Here, the Montagues and Capulets are political rivals, as patersfamilias square off in an aldermanic race, the quintessential Chicago event for bombast and one-upmanship. With Jonathan Hammel's evocative stonework-and-columns set, June Kingsbury's elaborate costumes and Anne Willingham's impressive lighting transitions, this Romeo & Juliet sits comfortably in its new surroundings. Meanwhile, a small band, under the direction of Paul Carrol Binkley, plunks out some jaunty campaign tunes and incidental themes.
There are occasional visual nods to the science and innovation the exposition came to represent, but eventually we settle into the famous story — and once the titular star-cross'd lovers' romantic entanglements are afoot, the Chicago ambience becomes a bit of an afterthought.
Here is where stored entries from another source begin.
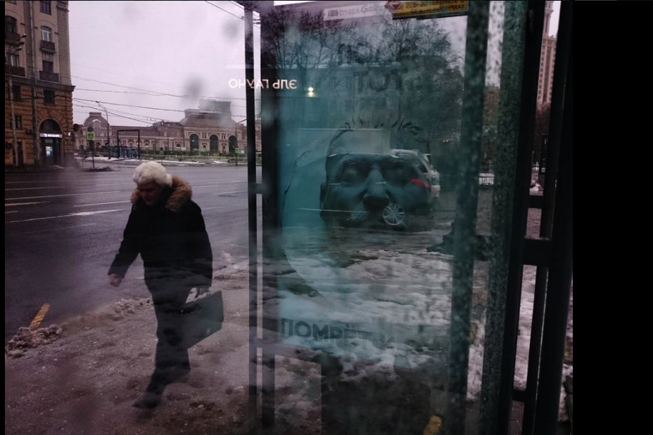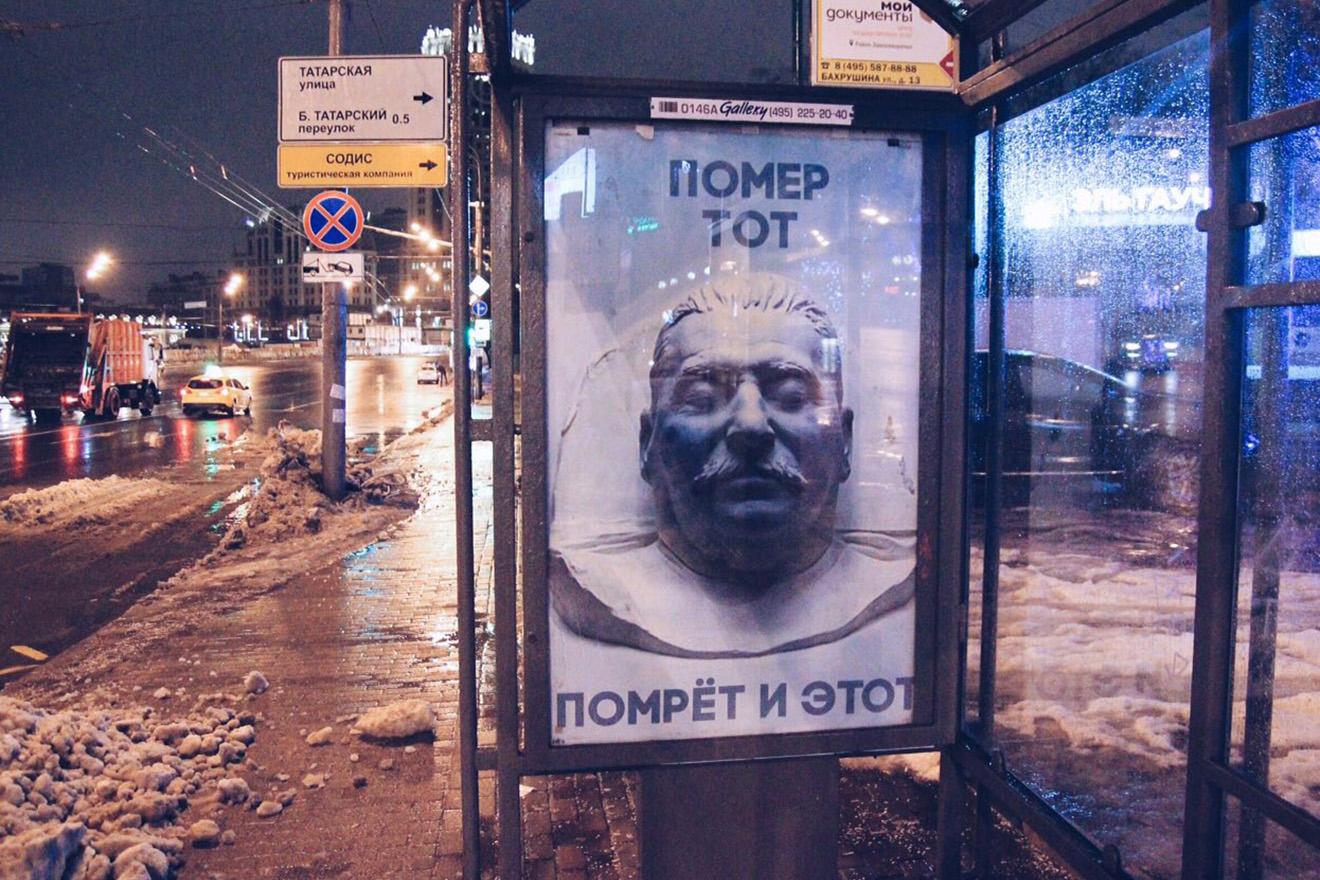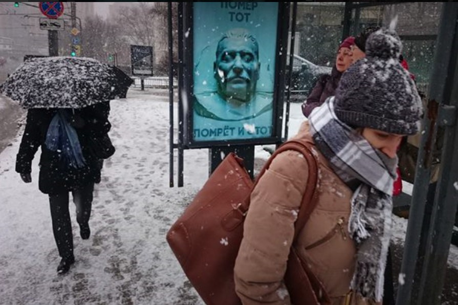 Плакат със снимка на мъртвия Сталин се появи на автобусна спирка в Москва, съобщиха в туитър жители на руската столица.
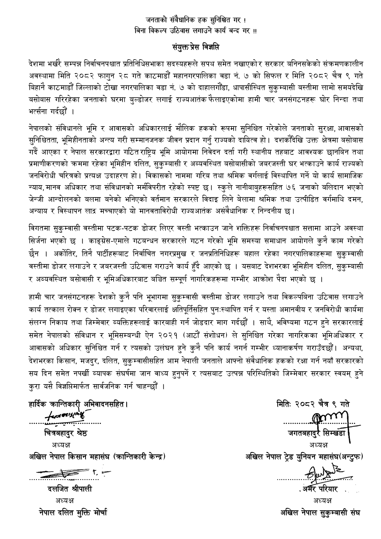 दशकौँदेखि उक्त क्षेत्रमा बसोबास गर्दै आएका र नेपाल सरकारद्वारा गठित राष्ट्रिय भूमि आयोगमा निवेदन दर्ता गरी स्थानीय तहबाट आवश्यक छानबिन तथा प्रमाणीकरणको क्रममा रहेका भूमिहीन दलित, सुकुम्बासी र अव्यवस्थित बसोबासीको जबरजस्ती घर भत्काउने कार्य राज्यको जनविरोधी चरित्रको प्रत्यक्ष उदाहरण भएको विज्ञप्तिमा दाबी गरिएको छ ।
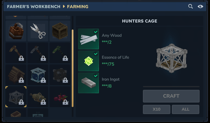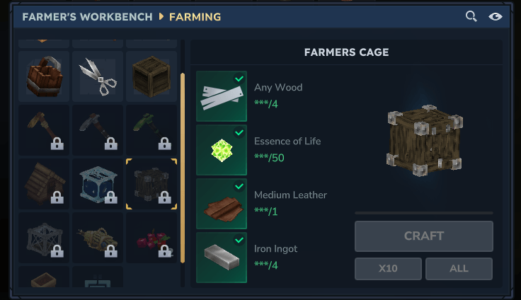 Farmer's Cage - (доступно на Tier 2 в Farmer's Workbench) - Взрослые версии скота, а также хищных животных.
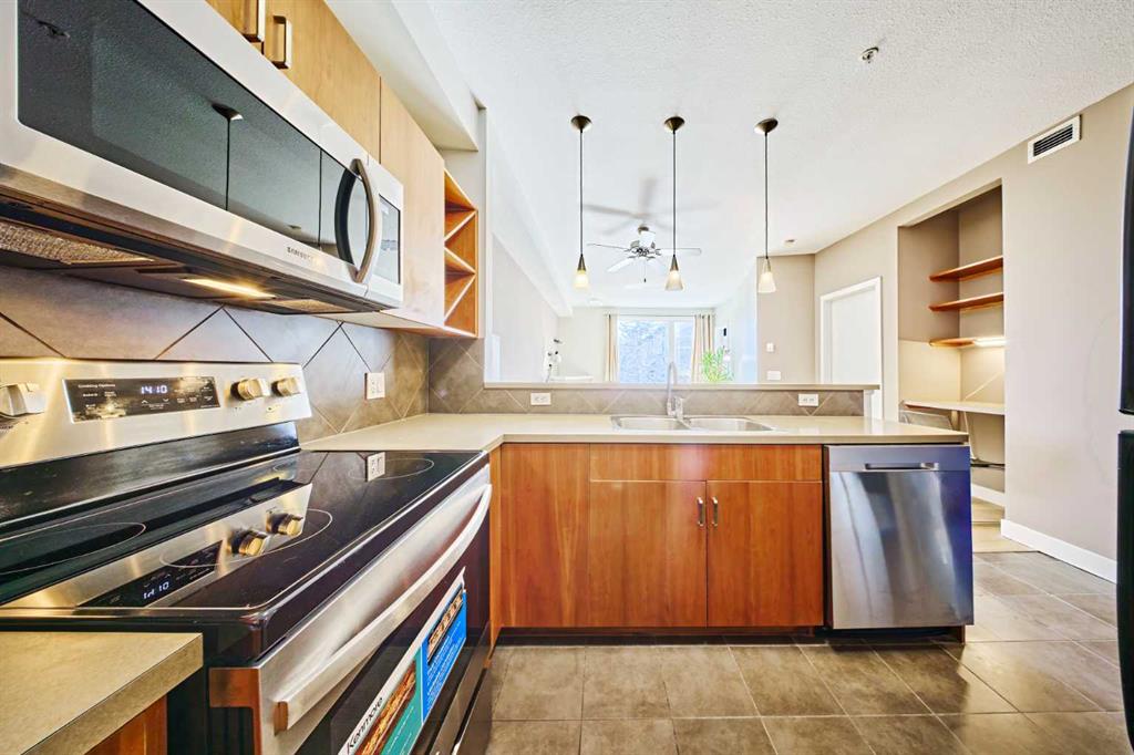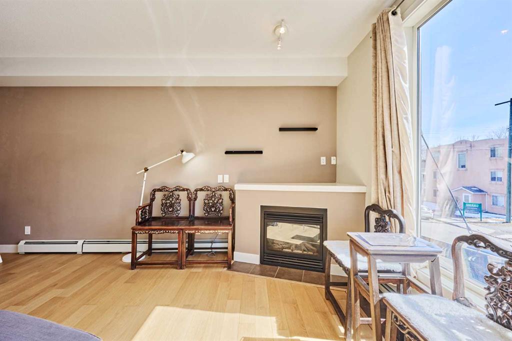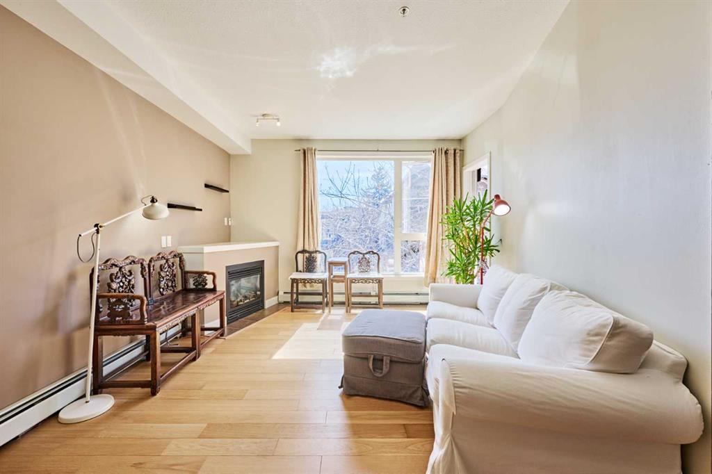 Welcome to Unit 203 in KABO, a bright and functional 1-bedroom, 1-bath condo in the heart of Altadore. This well-designed second-floor unit features an open-concept layout with 9' ceilings, a spacious kitchen(with new range, microwave and dishwasher) with maple cabinetry and breakfast bar, a cozy living room with gas fireplace, and a private covered balcony. The generous bedroom is located next to the 4-piece bath and in-suite laundry for added convenience. Heated underground parking and a separate storage locker are included. Pet-friendly building with board approval. Ideally located steps to River Park, Sandy Beach pathways, shopping, transit, and all the amenities of vibrant Marda Loop. A great opportunity for first-time buyers, investors, or anyone seeking an inner-city lifestyle in a desirable community.
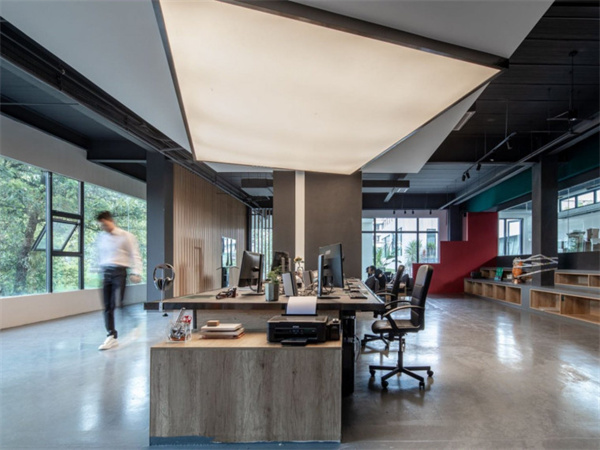 既然是工業(yè)風(fēng)辦公室裝修設(shè)計,那么首先就不得不說的就是其裝修材料,首先想到的那就是金屬制成的素材。金屬是一種非常強(qiáng)韌而且耐久的材料,從上個世界的工業(yè)革命開始之后,人們生活中就開始出現(xiàn)金屬制的生活用品。但是呢,因為金屬風(fēng)格實在冷調(diào),所以要與木材混搭,這樣既能提升“溫度”,還能保有原來的粗狂質(zhì)感,不要太好看!既然說到與木頭搭配,那我們就來說說這個工業(yè)風(fēng)的木頭,其實用的更多的還是原木。有很多鐵制的辦公桌椅都會用木板來作為桌面,就類似于大學(xué)上課時大教室的桌椅,而且這也能夠完整的展現(xiàn)木紋的深淺與紋路變化。像那種比較老舊的木頭,做起桌椅來就有質(zhì)感更有感覺了。工業(yè)風(fēng)格的設(shè)計仿佛在墻上的心思不大,但卻是隱藏著巨大的藝術(shù)空間,除了磚墻以外,還有就是水泥墻設(shè)計,比起磚墻的復(fù)古,水泥墻多了一些沉靜與現(xiàn)代。待在由水泥建構(gòu)起來的辦公室內(nèi),整個人都不由得放慢腳步,享受工業(yè)風(fēng)辦公室的靜謐與美好。而金屬骨架及雙關(guān)節(jié)燈具,是非常容易凸顯工業(yè)風(fēng)格,效果可是杠杠的,再在辦公桌上擺上一盞這樣的燈,一下辦公氛圍就提升了一個檔次。

But that's quite all right, because there's a story to be told, and Wilkerson has assembled an agreeable mix of veteran players and relative newcomers, most all of whom have some clue about the poetry. Bedrock Nashville thespians like Chip Arnold, Jeff Boyet and Randall Lancaster give lucid and literate readings of their roles, while Peter Vann as Mercutio and Ben Van Diepen as Tybalt dramatically set the family conflict into motion.
In the middle of things is Martha Wilkinson as Juliet's Nurse. Wilkinson delivers her lines with a thick brogue and an Irish washerwoman enthusiasm that initially threatens cliché. But true to her professionalism and versatility, she reins in the excess and delivers a diverse and moving portrayal that re-establishes the character as the play's pivot point, a touchstone for both high humor and abject tragedy.
Young Matthew Raich, seen earlier this season in a small but noteworthy role in Blackbird Theater's Arcadia, is Romeo, and while his performance doesn't embody the highest level of classical declamation, his passion makes up for it. He comes off as a likable lad, someone worth rooting for, and he admirably meets the production's fairly stiff physical demands, especially in the exhilarating balcony scene. His is a somewhat low-key but affecting reading, and when he speaks of Juliet's "strong proof of chastity," we might even believe in romantic idealism again.
And now a few words in praise of wispy Emily Landham, whose Juliet clearly ranks among the finest individual performances on an open-air Nashville stage in some time. Not that Juliet was ever a shrinking violet, but Landham's lassie is a spunky Chicago girl with vision for herself, a fiery concern for her beloved, and an articulate determination that clearly lets us know who's in charge. Landham's quick and wiry presence projects both youthful femininity and precocious tough-mindedness. Better still, she has a great gift for speaking the Bard, finding novel approaches to enunciation and elision that result in something pretty close to conversational speech. Bravo for that. Her scenes with Wilkinson and Raich are the heart of this production.
Of course, Chicago or not, the play's rather gruesome ending is still intact. It's no Titus Andronicus, but by the final curtain, Mercutio, Tybalt, Paris, Romeo and Juliet are all gone, and we're left with Friar Laurence's rather obvious and windy wrap-up.
Regardless, this Romeo & Juliet makes for a fine evening of theater. Rain threatened opening night, and things started a little late, but the faithful (and slightly) damp audience was well-rewarded with strong performances and imaginative direction. Nashville Shakepeare Festival's bold foray into the Second City proves to be a first-class production.